Average Enthusiast

Average Enthusiast

Member
Sep 10, 2023
26
Wsp, idk if this is the best place to talk about this but fuck it, we ball. I've been talking to this girl for a week now and we've been talking a lot ykno. We met on a night out and apparently she was into me (according to a mutual friend). Anyway, I'm rlly into her but if I'm being completely honest, I sometimes have the social skills of a rock, especially when it comes to this sorta stuff. Idrk what to do, do we keep talking or do I make a move? Even say that I rlly like her or some shit like that. In general, when's the right time to say that to someone, without sounding too weird or guaranted being friendzoned? We're into a lot of similar stuff, which could be a positive sign or just a sign of being just friends. Sorry if this is worded weirdly, idrk how to describe the situation 😅 (Be cool to hear others stories too ❤️)
 
  • Like
Reactions: Praestat_Mori and Dr Iron Arc
WhiteRabbit

WhiteRabbit

I'm late, i'm late. For a very important date.
Feb 12, 2019
1,374
Just do it. You've already been told she's into you.
 
  • Like
Reactions: ctvunny, Praestat_Mori, hikikomorizombie and 2 others
-Link-

-Link-

Deep Breaths
Aug 25, 2018
390
Don't tell her.

Come up with something that gets the two of you together, and invite her out.
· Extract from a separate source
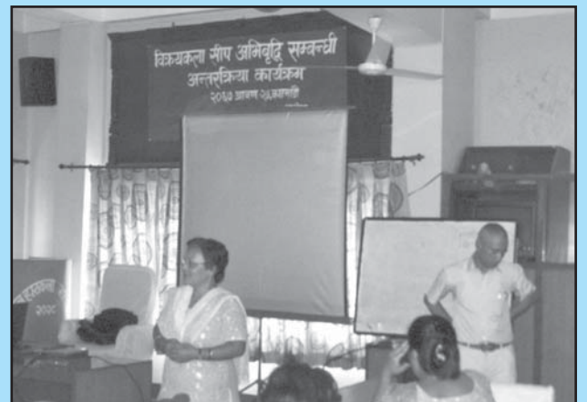
समितिकी संयोजकबाट कार्यक्रमको उद्देश्यबारे प्रकाश पार्नु हुँदै

साथै सहभागीहरूले भविष्यमा पनि सम्बन्धित व्यवसायीहरूका लागि समयसापेक्ष विक्रीकला सीप सम्बन्धी जानकारीमूलक कार्यक्रम गर्दै जानुपर्ने सुझाव दिइएको थियो ।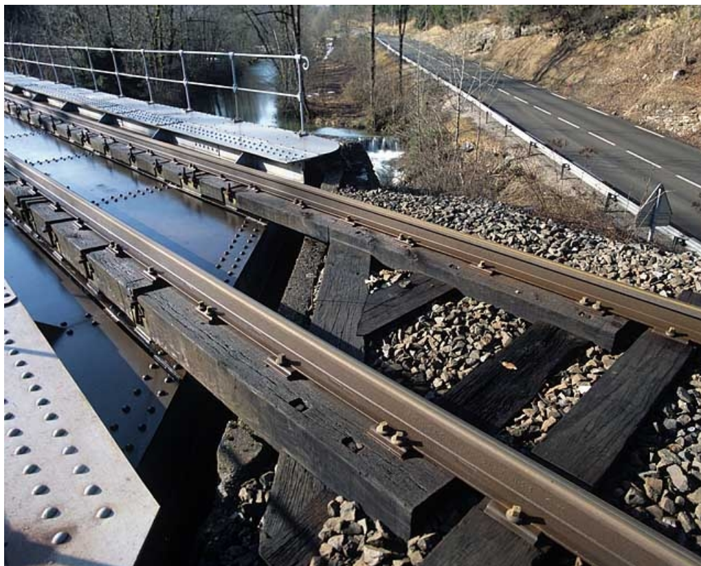
Pont sur la Lemme : jonction du tablier et de la culée droite, depuis la voie.

39, Chaux-des-Crotenay R.N. 5, lieudit : les Belettes

And then show her. With actions.

For instance if you're standing side-by-side, you could take her by the hand. Does she reciprocate? Yes? OK, then pull her closer to you. Does she seem into it? Yes? OK, then move yourself closer to her so that you're kind of sideways body-to-body hugging.

And keep going however far you want to take it, step by step slowly enough so that she has opportunity to reject your advance.
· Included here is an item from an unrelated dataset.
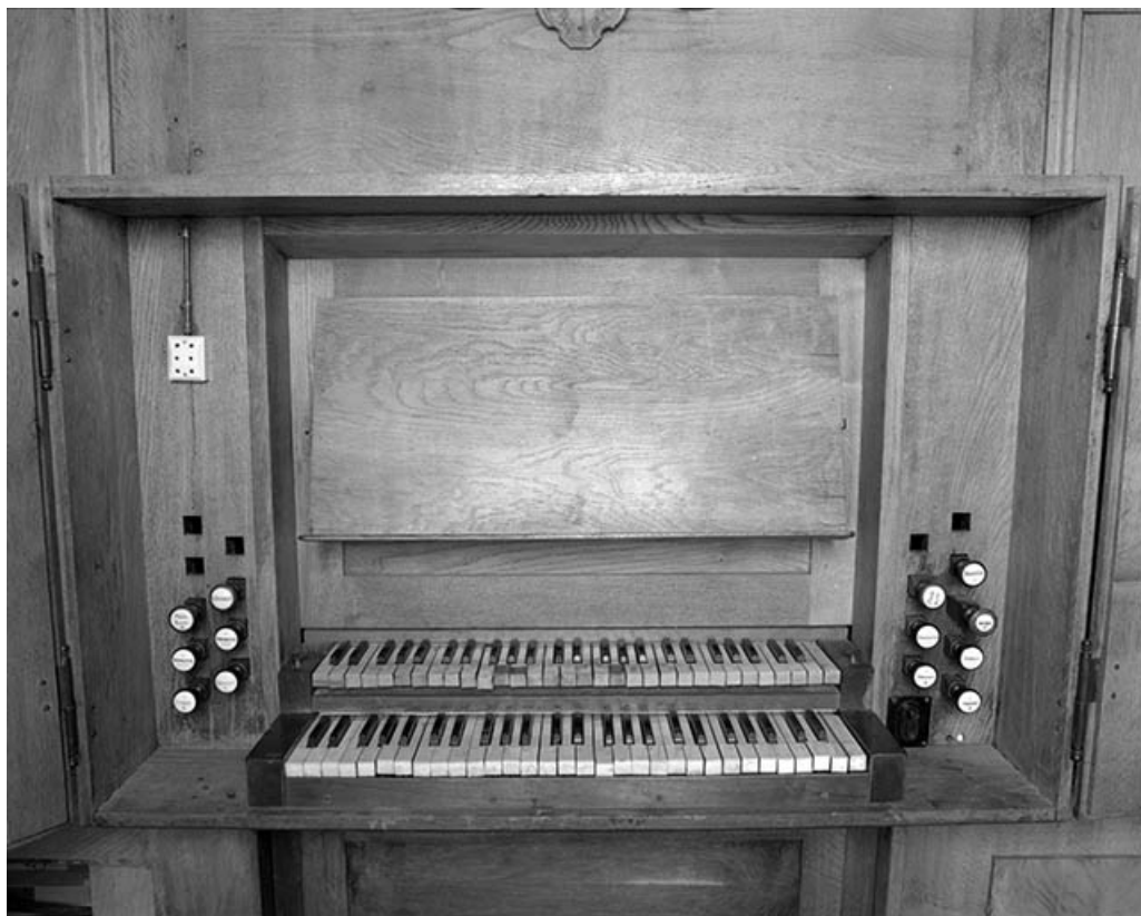
Console vue de face.

If you have the slightest doubt about the matter of consent at any point, then just ask her "is this OK?" But most likely, you'll know without needing to ask because she'll be reciprocating everything and it'll just feel right. You could also slow down or stop and leave it to her to take the next step. You kind of just have to go through it and assess the situation in the moment.

Yes, you could simply tell her that you're interested in her, but this is redundant because somebody still has to make that first move into physicality. The knowledge that you are mutually interested isn't actually going to do much to alleviate your anxiety in this sense. A girl could be head-over-heels infatuated with you, but this still doesn't necessarily mean she wants to actually get physical or that she even wants to go out with you. So regardless of whether you have that conversation, one of you is still going to have to initiate physical contact in a way where you're looking for the other's reciprocation as you gradually escalate step by step.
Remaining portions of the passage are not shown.